Depending upon the flow rate into device 20 and the concentration of air within the mixture, a greater or lesser amount of air and blood may be flowing in air removal line 33. Since a significant amount of blood may be present in air removal line 33, it must be recovered for return to the patient. The air extraction unit is shown in greater detail below and preferably comprises a valved air separation device as shown in co-pending application Ser. No. 11/118,726, filed Apr. 29, 2005, entitled “Air Removal Device With Float Valve For Blood Perfusion System”, incorporated herein by reference.
A returning blood flow from the air extraction unit is provided to a blood return line 34 and to a return point 35 that is downstream of the bubble stop. Preferably, return point 35 is on the central longitudinal axis because it is at a low pressure and because that provides the least disruption of the main blood flow through device 20. Since the majority of the blood flowing through device 20 does not pass through the air extraction unit, it avoids contact with defoamers. Furthermore, the air extraction unit can be made more compact in size since a lowered volume of blood passes through it, which further reduces the priming volume of the system as a whole.
FIG. 3 shows an alternative embodiment of diverter 30 wherein bubble stop surface 32 provides substantially all of the blocking of the central longitudinal axis.
The overall air removal system of the invention may be implemented as shown in FIG. 4. To increase the effectiveness of air removal, multiple stages of voraxial devices are employed for capturing successively smaller air bubbles at each stage. Thus, a first stage 40 is sized to capture large bubbles (i.e., the chamber and bubble stop have diameters sufficiently large to separate and handle large bubbles). The pick-off flow with large air bubbles is provided to an air extraction unit 41 connected to a vacuum 42 via a valve (not shown) for drawing off air and providing a return blood flow 43 combining with a main blood outflow 44 of first stage 40. The combined blood flow which may still include small bubbles is provided to a second stage unit 45 which is sized to capture the smaller bubbles (i.e., having a smaller diameter than first stage 40). The diverted flow from second stage 45 is provided an air extraction unit 46 also connected to vacuum 42. Blood return from air extraction unit 46 is combined with blood in an air-reduced blood flow from second stage 45 to provide a combined blood output 47 which may be connected to a pump or other perfusion system components as shown in FIG. 1. The system in FIG. 4 minimizes blood contact with defoamers and other blood handling or air surfaces by maintaining a small prime volume in the first and second stages and by reducing the volume required for the air extraction units.
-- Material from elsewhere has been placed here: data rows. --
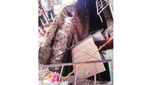 बदलापुरातील कात्रप भागात एका दुकानासमोरील भाग कोसळून तेथे असलेली टपरी खाली असलेल्या गटारात पडली.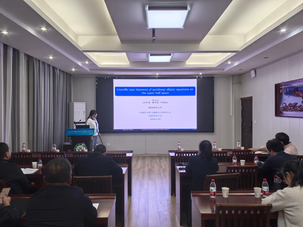 第4场报告由陕西师范大学的胡云云博士作了题目为《Liouville type theorems of semilinear elliptic equations on the upper half space》的学术报告。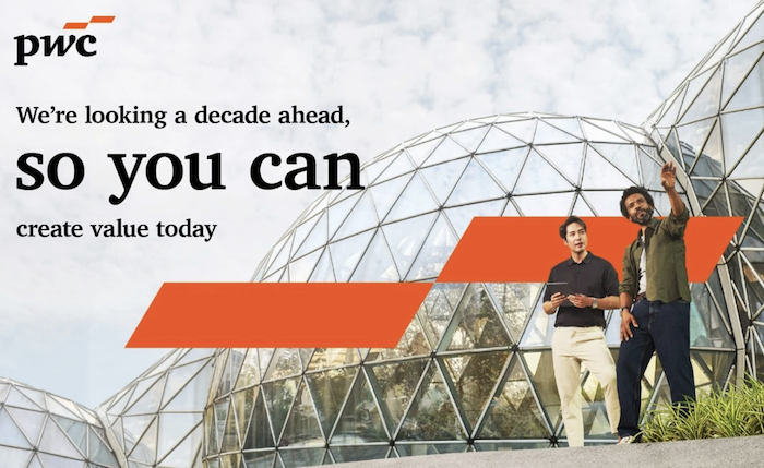 Prvním projektem v novém vizuálním stylu je globální kampaň „Value in Motion“, která predikuje proměnu byznysového potenciálu v jednotlivých odvětvích v desetiletém horizontu. PwC se zaměřuje na maximální využití technologií, včetně umělé inteligence, a podporuje své klienty v tom, aby dokázali reagovat na vysoké tempo změn v byznysu i volatilně se vyvíjející globální ekonomice. Na nové vizuální identitě a globální kampani pracovaly agentury FutureBrand (UK) a McCann (USA).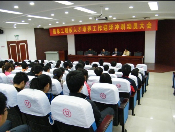 2010年11月12日下午四点,信息工程系在图书馆学术报告厅召开迎评促建冲刺动员大会,系党总支书记梁继会,团总支书记张伟业,系办公室主任兼主任辅导员王文堂,09级辅导员杨庆颖出席了本次大会并在主席台就座, 09、10级全体学生干部参加了大会。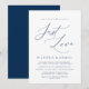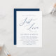 Este é o convite de casamento Nada de Fantasia, Apenas Amor, em fonte Azul Marinho. Perfeito para convidar familiares e amigos para celebrar esta ocasião importante.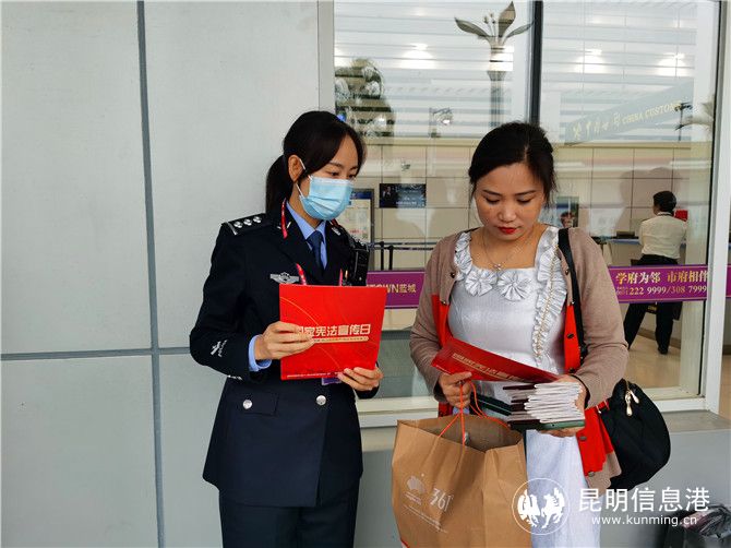 昆明信息港讯 记者江枫 通讯员陈宣伊 12月4日是第十个“国家宪法日”,西双版纳出入境边防检查站积极开展“国家宪法日”宣传活动。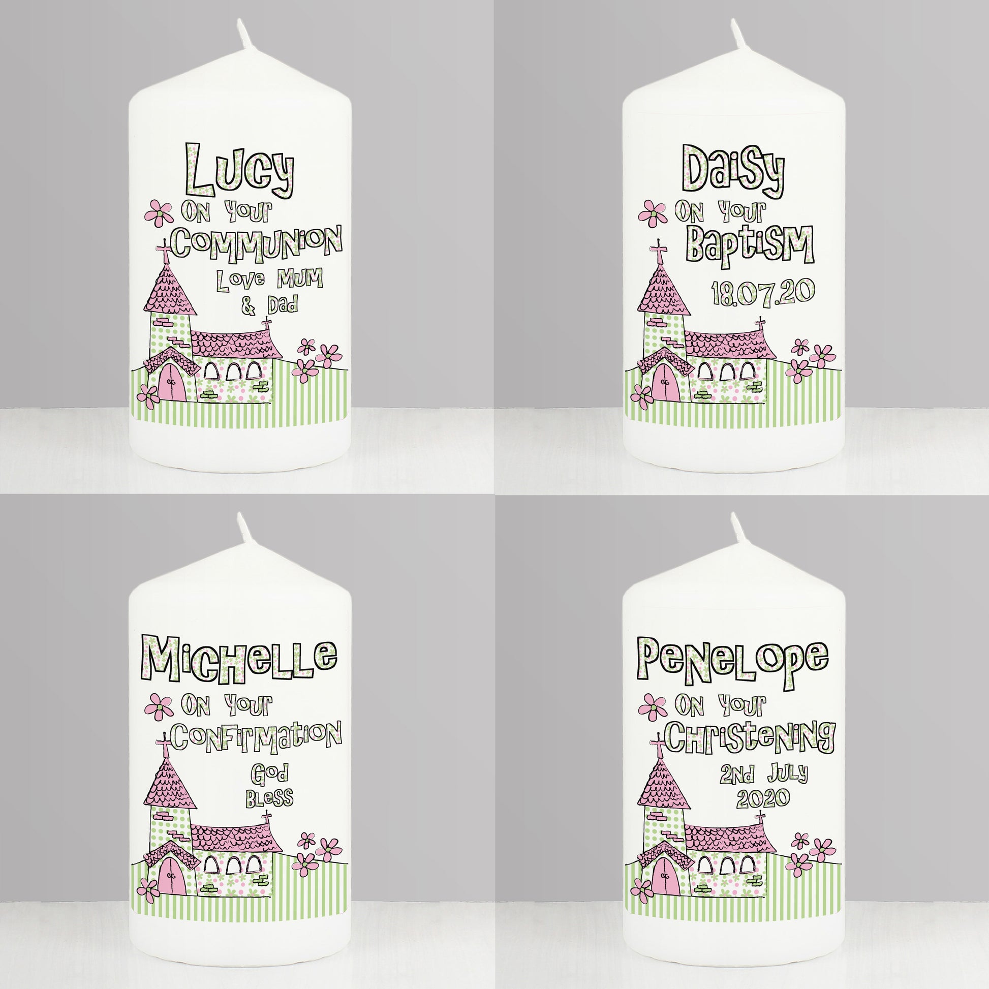 This pretty white candle makes the perfect keepsake for that special occasion. The candle itself features a pretty church design and can be personalised with a first name of up to 15 characters any occasion such as christening up to 12 character and also a date up to 20 characters. (On Your is standard text).

FIG. 5 shows an alternative embodiment wherein first stage 50 and second stage 51 share an air extraction unit 52. Air extraction unit 52 is connected to a vacuum source 53 and preferably passively operates an air removal valve as described in co-pending application Ser. No. 11/118,726. Flow through air extraction unit 52 is preferably driven by pressure differences in the perfusion system (i.e., each flow path must move from a higher to a lower pressure). In the embodiment of FIG. 5, flow through air extraction unit 52 is improved over the embodiment of FIG. 4 since a single return point following second stage 51 is utilized for the return blood flow. The return point may be within the chamber of a voraxial air separator device or may be provided at any downstream location in the blood flow path of the perfusion system.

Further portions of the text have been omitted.